At this point in pregnancy, my cravings aren’t as strong, I can eat meat again, I pee when I sneeze if my bladder is full (which I never thought would happen at 28, dead ass sober on a Friday night) I feel great most of the days and the only downfall is the vain stuff, I have had to let go of. haha My body is getting softer. My abs are slowing fading away, I gave up tanning beds (which is good), I gave up botox and my lip injections. haha People may think this is stupid but this is the stuff I use to do to keep my outer shell feeling good. I knew my body would change. I was ok with that. When I was told, No tanning, botox or lips, I was a little bummed. I can’t even lie!

I had been tanning since I was 18 in tanning beds! But I figured this is good because I can switch to spray tans now, easy and healthier fix. But the botox… man oh man… I have been getting that for the past 2 years now because I smile so big and get crows feet which made me soooo insecure. I have been 6 months clean now… haha and I am actually ok with it. I am learning to love myself as I was meant to be. And same with the lip injections, it has been over a year since I have gotten them done. I miss having big ol’ mrs. potato head lips but I am so filled with bliss and love from creating my little McKenzie, that I don’t even care.

Some may be wondering, Why did I bring any of this stuff up? Who really cares?

And I wanted to touch on this stuff because I feel it is never talked about. We all talk about the beauty in pregnancy and I started thinking something is really wrong with me because I feel like a big ol’ wrinkly sack of tired shit lately. When will I get that beautiful feeling of pregnancy!?

And I know there’s other women struggling with the same even if they don’t want to voice it.

So how do we tap into the feeling of a goddess while being pregnant?!

Well, You create that emotion. You embrace yourself for you. You dive into self love. So I did exactly that and I have never been so happy before. I had to look at this journey for what it truly is… I am creating this precious little girl in my tummy and watching how us as women become a portal of life is so empowering and so beautiful.

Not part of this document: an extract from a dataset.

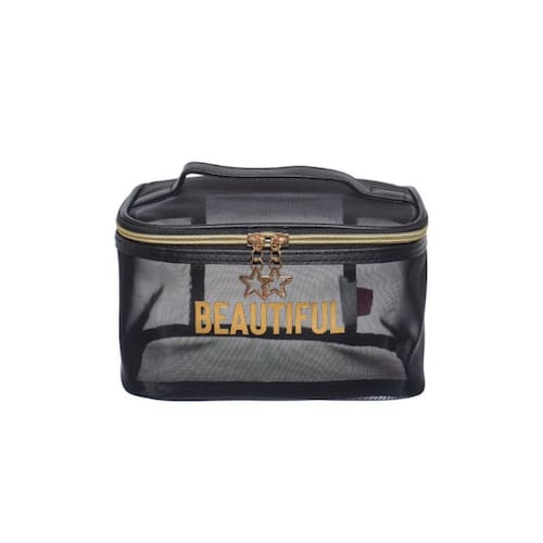 Necessaire Qualis Transparente Letras em Dourado NS2310 Necessaire Qualis transparente, coisas de diva, espaçosa e muito util para viagens de todos os tipos

How I learned to accept the wrinkles, little lips on the pasty ass white face of mine… ahahahaha

Instead of pointing out all of my flaws, I focused on what I loved about myself. I focused on how incredible pregnancy really is. When you really look at it, it is just insane. YOU HAVE A HUMAN GROWING INSIDE YOU! What gets better than that? It’s damn well not a syringe of botox hahaha There really is nothing as incredible as being pregnant and watching this precious soul grow inside of you. You should focus on loving your body for being able to do that. So for now, focus on the good, let go of the vain and be filled with bliss during such an incredible time.

Here I am at 15.5 weeks. Right now, I am loving sweets and smoothies. I get super tired by 10pm and automatically awake at 5am. I’m not doing any exercises on my back because it is uncomfortable for me. Usually around 20 weeks, they say to stop laying flat on your back while training because your uterus gets heavy and sits on a large vein which can lead to dizziness and fainting. So be careful and always listen to your body!